Connecting the Dots
Can the tools of graph theory and social-network studies unravel the next big plot?
The 411 on Telephone Snooping
The newly revealed surveillance programs seem to include several
distinct activities. Some involve eavesdropping—listening in
on telephone conversations or recording the content of Internet
messages. A follow-the-money program gathers information from a
banking clearinghouse. But the reports I find most intriguing
mention efforts to analyze a database of telephone calls with the
aim of tracing links among conspirators. The database includes no
sound recordings or any other hints about what might have been said
in a conversation; it merely lists the telephone numbers at the two
ends of each call and gives the date and time when a call began and ended.
This "call detail" database sounded very familiar. Several
years ago I had read of experiments done with a similar
database—almost surely an earlier version of the one that is
now said to be under government scrutiny.
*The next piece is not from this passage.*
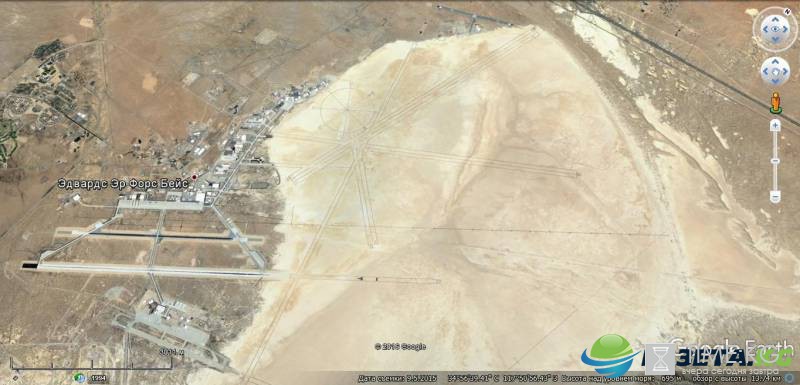 Спутниковый снимок Google Earth: авиабаза Эдвардс, вид с высоты 13 км

The experiments were tests
of algorithms in the mathematical field known as graph theory, which
studies network-like structures. The phone-call database was a
useful test bed because it can be viewed as an enormous mathematical
graph. I wrote about this work in an earlier column in American
Scientist (January-February 2000).
Vague allusions to the database, or "call graph," appeared
in the first public accounts of the new surveillance programs.
Writing in The New York Times last December, Eric
Licht-blau and James Risen noted, "[National Security Agency]
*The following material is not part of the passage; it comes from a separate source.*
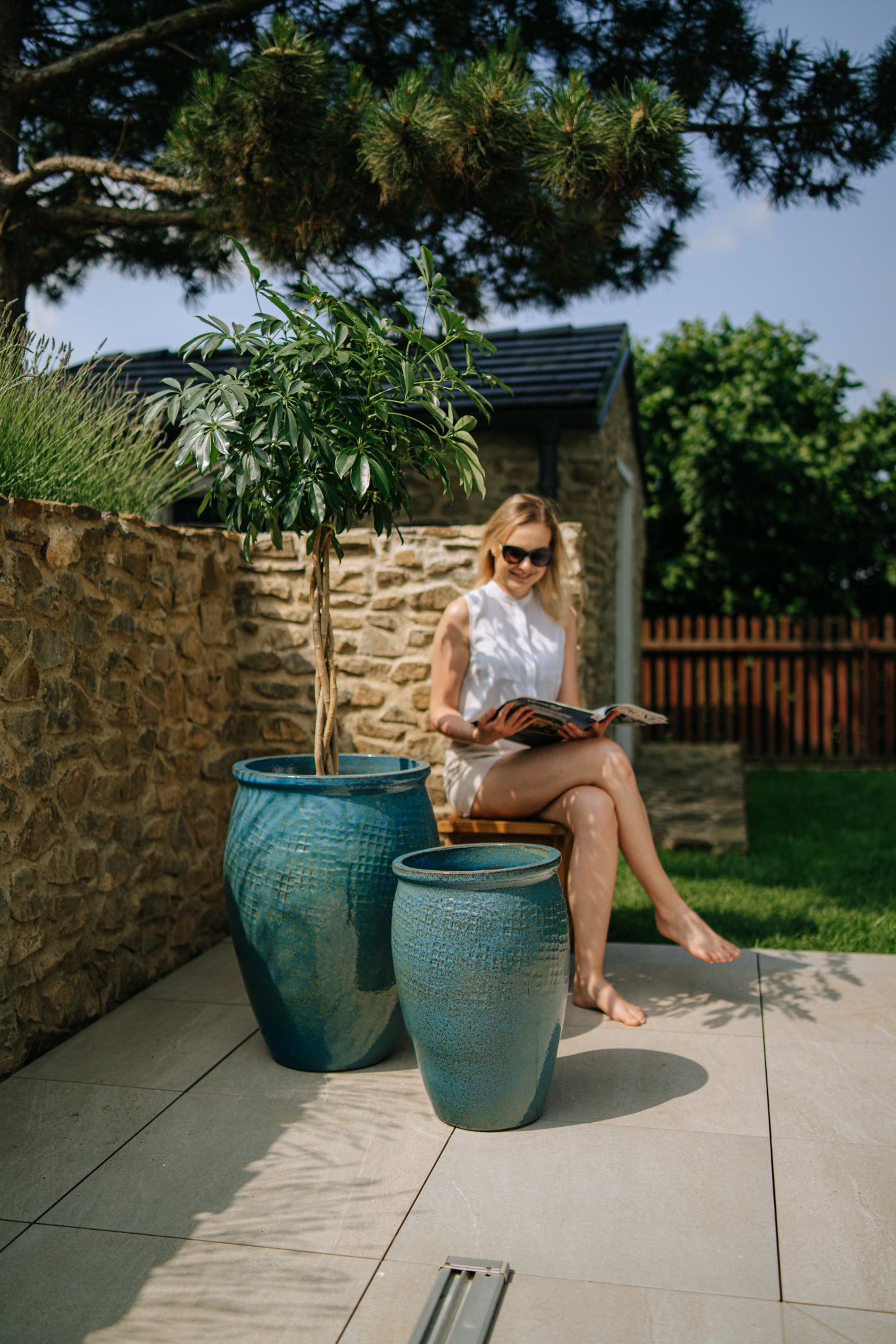 Keramický květináč LAFONTAINE - Mořsky modrá

technicians, besides actually eavesdropping on specific
conversations, have combed through large volumes of phone and
Internet traffic in search of patterns that might point to terrorism
suspects." The nature of the operation became clearer in May
when Leslie Cauley wrote in USA Today that at least three
telephone companies are voluntarily supplying call-detail records to
the NSA. Two of those companies later denied that they participate
in the program, and USA Today retracted that part of the
story. The third company, AT&T, has declined to comment on the
substance of the report, and so has the NSA. When AT&T was sued
for allegedly violating privacy statutes, the Bush administration
moved to suppress the suits on the grounds that litigating the
matter would reveal state secrets. As this issue of American
Scientist goes to press, the facts remain murky.